The Drama of Difference – #Luqman

Isn't the poet, in his/her peculiar primacy, a rebel of circumstances? Doesn't the higher nature, that greater calling, allow some room for choice?

Isn't the poet, in his/her peculiar primacy, a rebel of circumstances? Doesn't the higher nature, that greater calling, allow some room for choice?

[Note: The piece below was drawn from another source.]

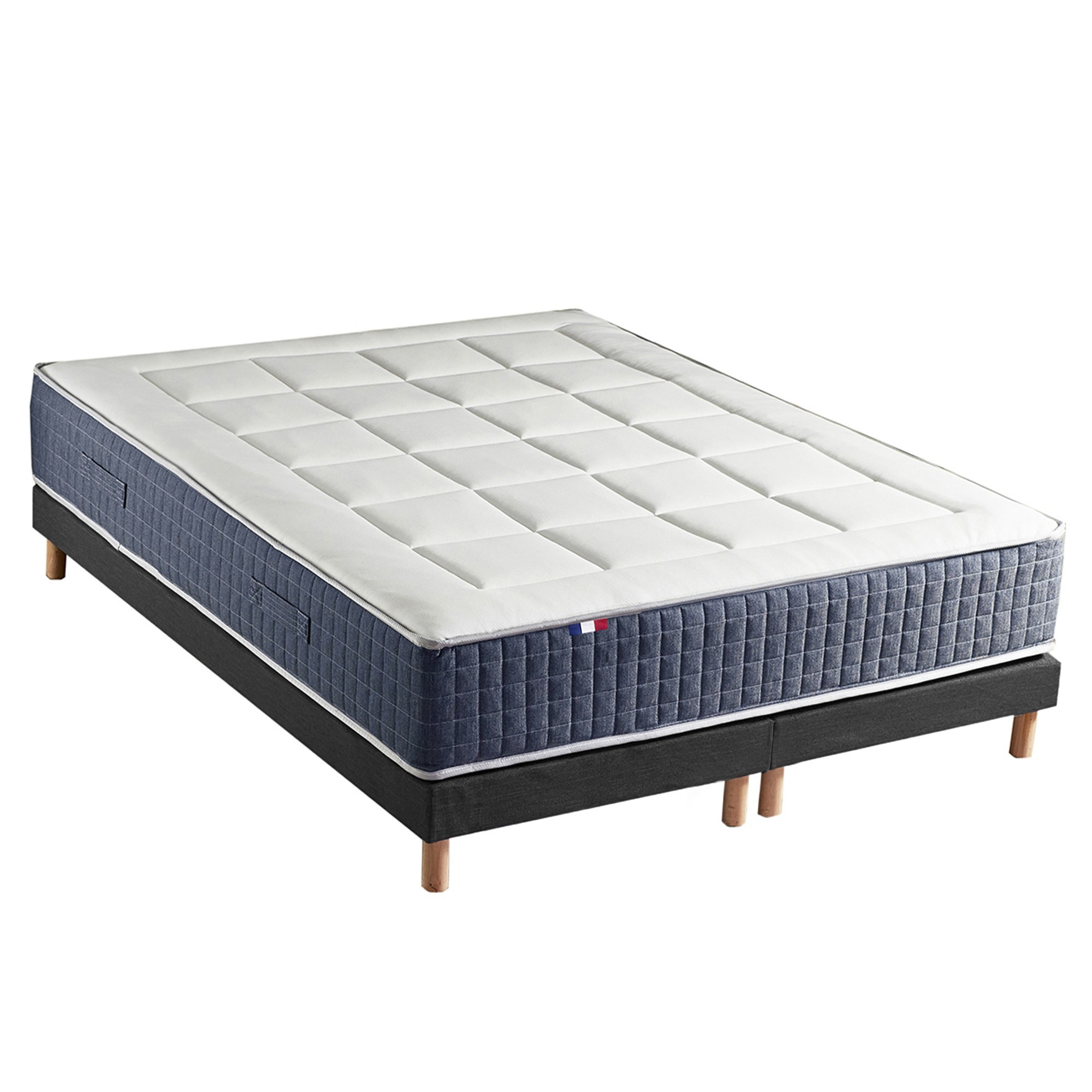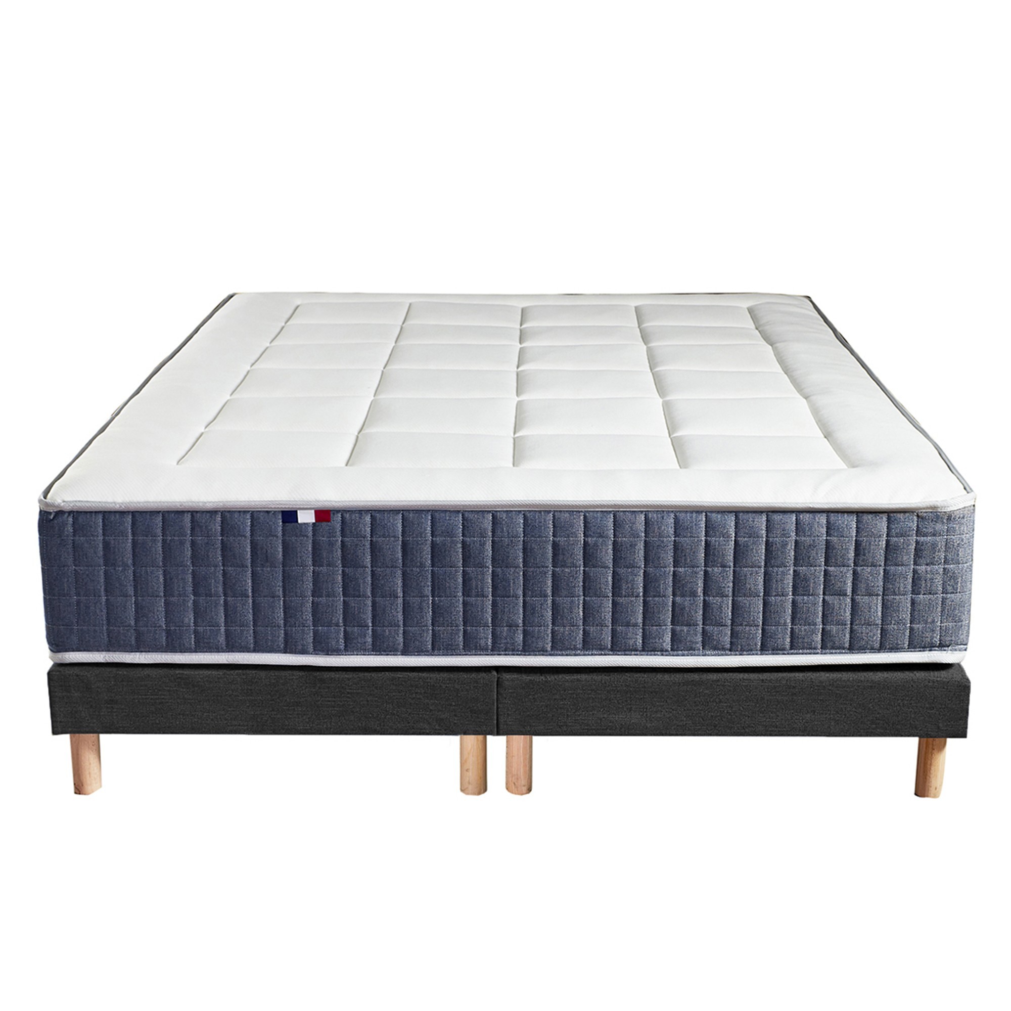 Ensemble Matelas Ressort 7 zones + Mémoire de forme + Sommier KING STYLE Fabriqué en France - 2x90 x 200
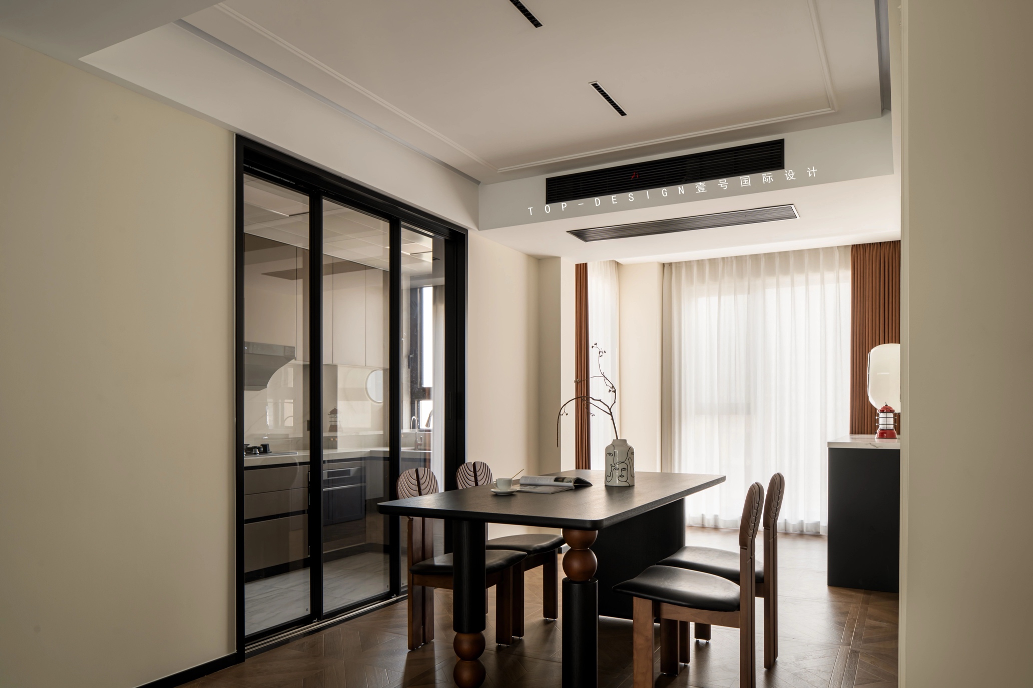 餐厅里,沉稳的深色餐桌配着木质餐椅,尽显中古风情。一扇黑色边框的玻璃推拉门巧妙地将餐厅与厨房分隔开来。

“This is bad,” says Aisha. “Bad enough to asphyxiate language, flooding the chords with falsettos. Truth be told, nothing engages like print. Poetry when spoken, loses its charm, becomes toothless and lurks in the shadows, like an apparition. The flavouring is meagre and as such, a tragedy for the palate,” she continues.

“Is that really it then?” Bili asks, “Isn’t the poet, in his/her peculiar primacy, a rebel of circumstances? Doesn’t the higher nature, that greater calling, allow some room for choice? Well, this is mine, animated by vocal expression, the melody of its notes and the harmony of the perfect pitch. I’m sorry you do not see it my way.”

“I certainly don’t,” Aisha says, “No vicar worth his name will sanction this kind of adultery. I cannot imagine a world so maddened by transformation it spites the creative might of ages. Milton would be turning in his grave right at this moment.”

“Milton would be grateful,” Bili interjects, “If anything, my rendition of Paradise Lost has enlivened its message, the christening of the irreligious. The better angels of our nature owe their fidelity to me. I am the one who finally set them free.”

“The politics of attribution, eh? There are more studies of paradise lost across literary classes, more peer reviewed discussions and departmental curricula than there are audio recordings of Mandi Vundla playing in art festivals. Do you know why that is? Depth. One form has it and the other does not. One provides us sufficient cultural density to outlive its creators and the other is a rip off, an iteration of the long established.”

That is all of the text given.